I have a problem using spark 2.1.1 and hadoop 2.6 on Ambari. I tested my code on my local computer first (single node, local files) and everything works as expected:
from pyspark.sql import SparkSession
spark = SparkSession\
.builder\
.master('yarn')\
.appName('localTest')\
.getOrCreate()
data = spark.read.format('orc').load('mydata/*.orc')
data.select('colname').na.drop().describe(['colname']).show()
+-------+------------------+
|summary| colname |
+-------+------------------+
| count| 1688264|
| mean|17.963293650793652|
| stddev|5.9136724822401425|
| min| 0.5|
| max| 87.5|
+-------+------------------+
These values are toally plausible.
Now I uploaded my data to a hadoop cluster (ambari setup, yarn, 11 nodes) and pushed it into the hdfs using hadoop fs -put /home/username/mydata /mydata
Now I tested the same code which ended with the following table:
from pyspark.sql import SparkSession
spark = SparkSession\
.builder\
.master('yarn')\
.appName('localTest')\
.getOrCreate()
data = spark.read.format('orc').load('hdfs:///mydata/*.orc')

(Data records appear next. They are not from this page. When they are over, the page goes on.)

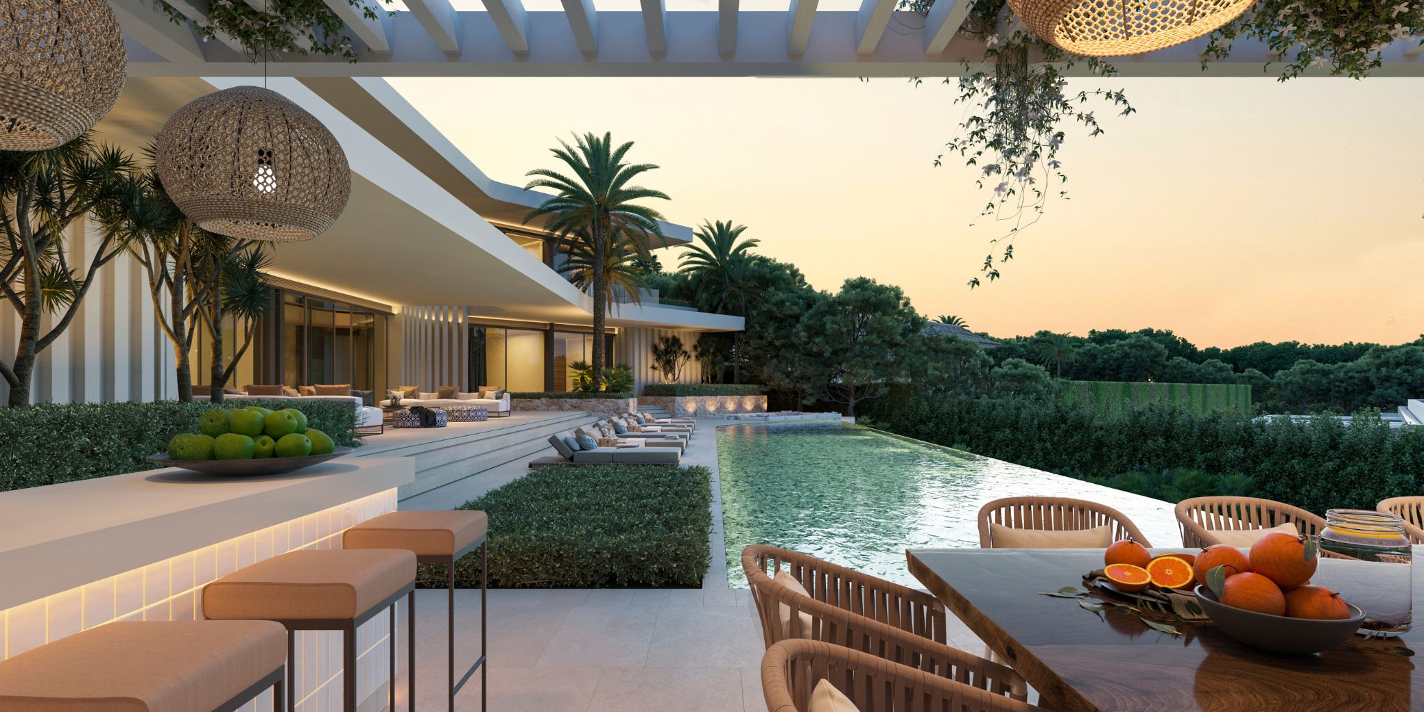The project includes a 1,440 m² residence, which extends outwards through 510 m² of perfectly oriented terraces. The property will feature meticulous landscaping, spacious outdoor leisure areas, chill-out zones, an outdoor kitchen, gardens integrated with the natural environment and a spectacular private swimming pool. Everything has been designed to maximise light, views and comfort, creating a perfect harmony between architecture and nature.
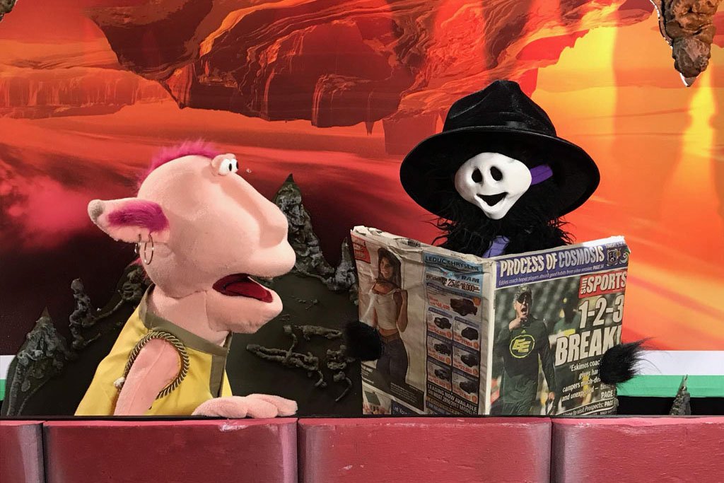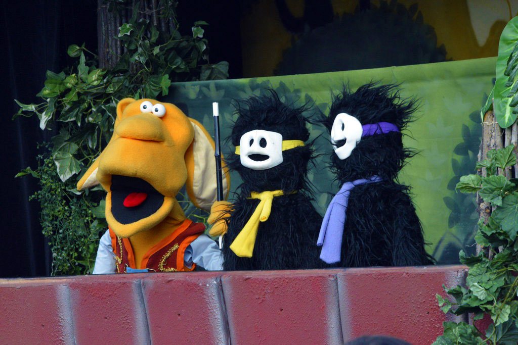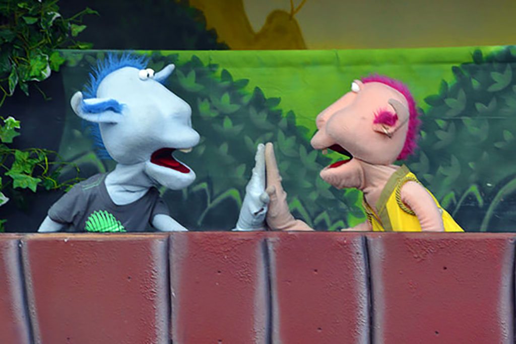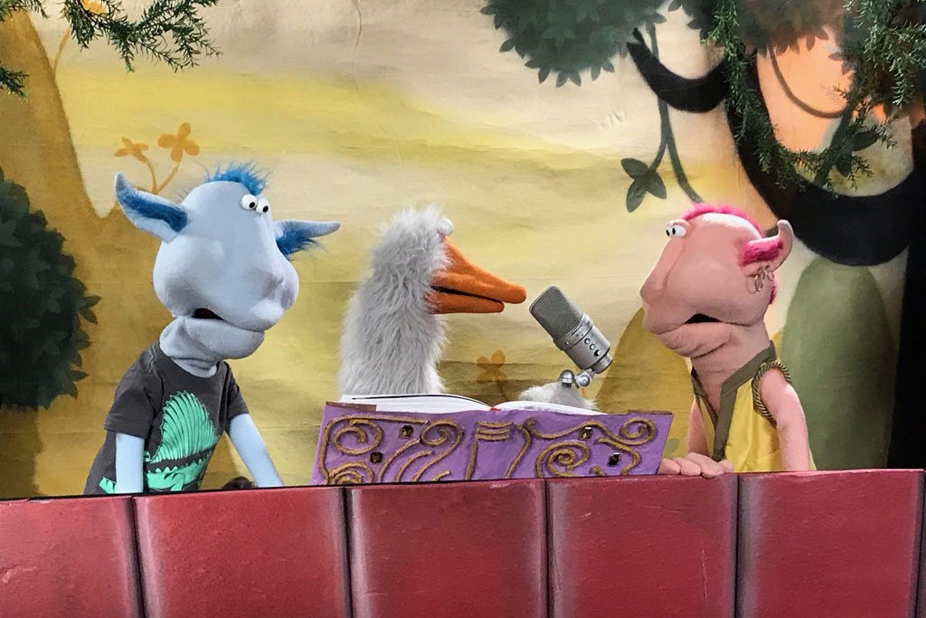 The Imaginarium Puppet Company presents: “The Durflings and the Book of Poops”. Loopy Durfling borrows the Book of Poops (a special book in which Poops the Goose emerges; sings; and ‘poops’ out treasure) from his Uncle Klaatu’s library under the condition that he take care of it. The book gets stolen by the pesky Maskinis and he embarks on a journey to recover it under the close watch of his sister Lena Durfling.
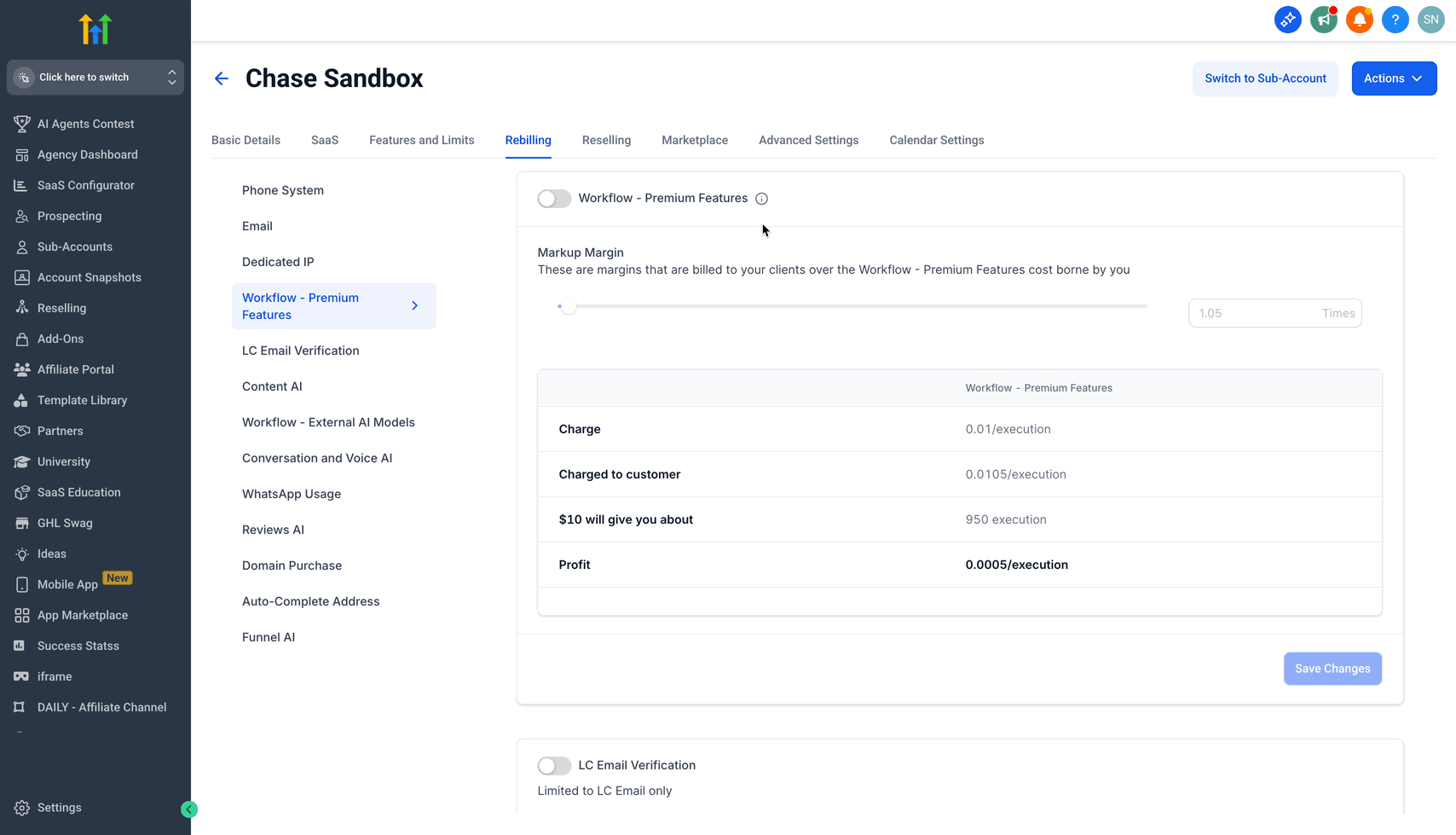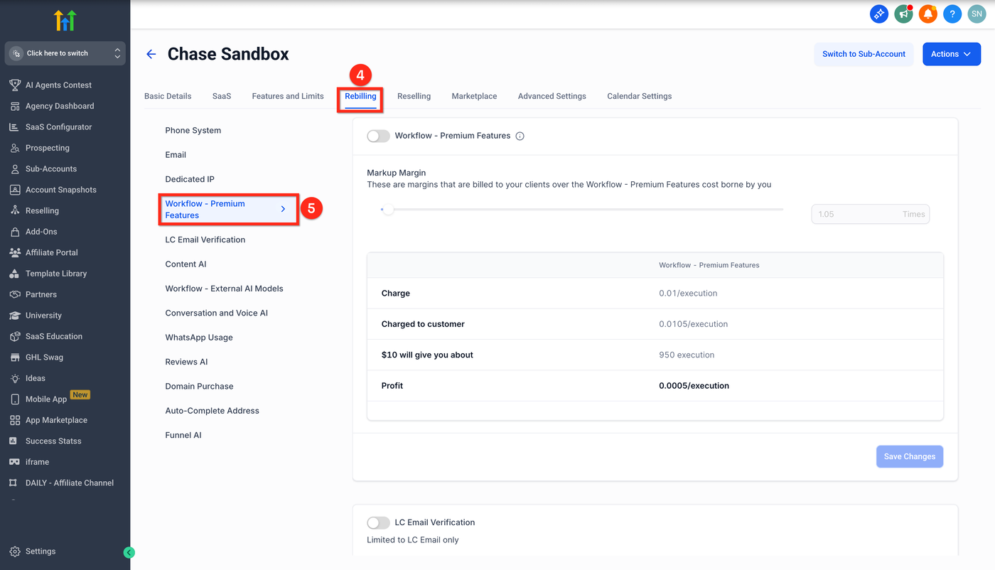 Einfache Reselling-/Markup-Workflows: Falls Rebilling aktiv ist, kannst du Premium-Usage an Sub-Accounts weitergeben oder aufschlagen

data.select('colname').na.drop().describe(['colname']).show()
+-------+------------------+
|summary| colname |
+-------+------------------+
| count| 2246009|
| mean|1525.5387403802445|
| stddev|16250.611372902456|
| min| -413050.0|
| max| 1.6385821E7|
+-------+------------------+
But another thing is confusing completly me -> if I change mydata/*.orc
to mydata/any_single_file.orc
and hdfs:///mydata/*.orc
to hdfs:///mydata/any_single_file.orc
both tables (cluster, local pc) are the same ...
Does anyone know more about this weird behaviour?
Thanks a lot!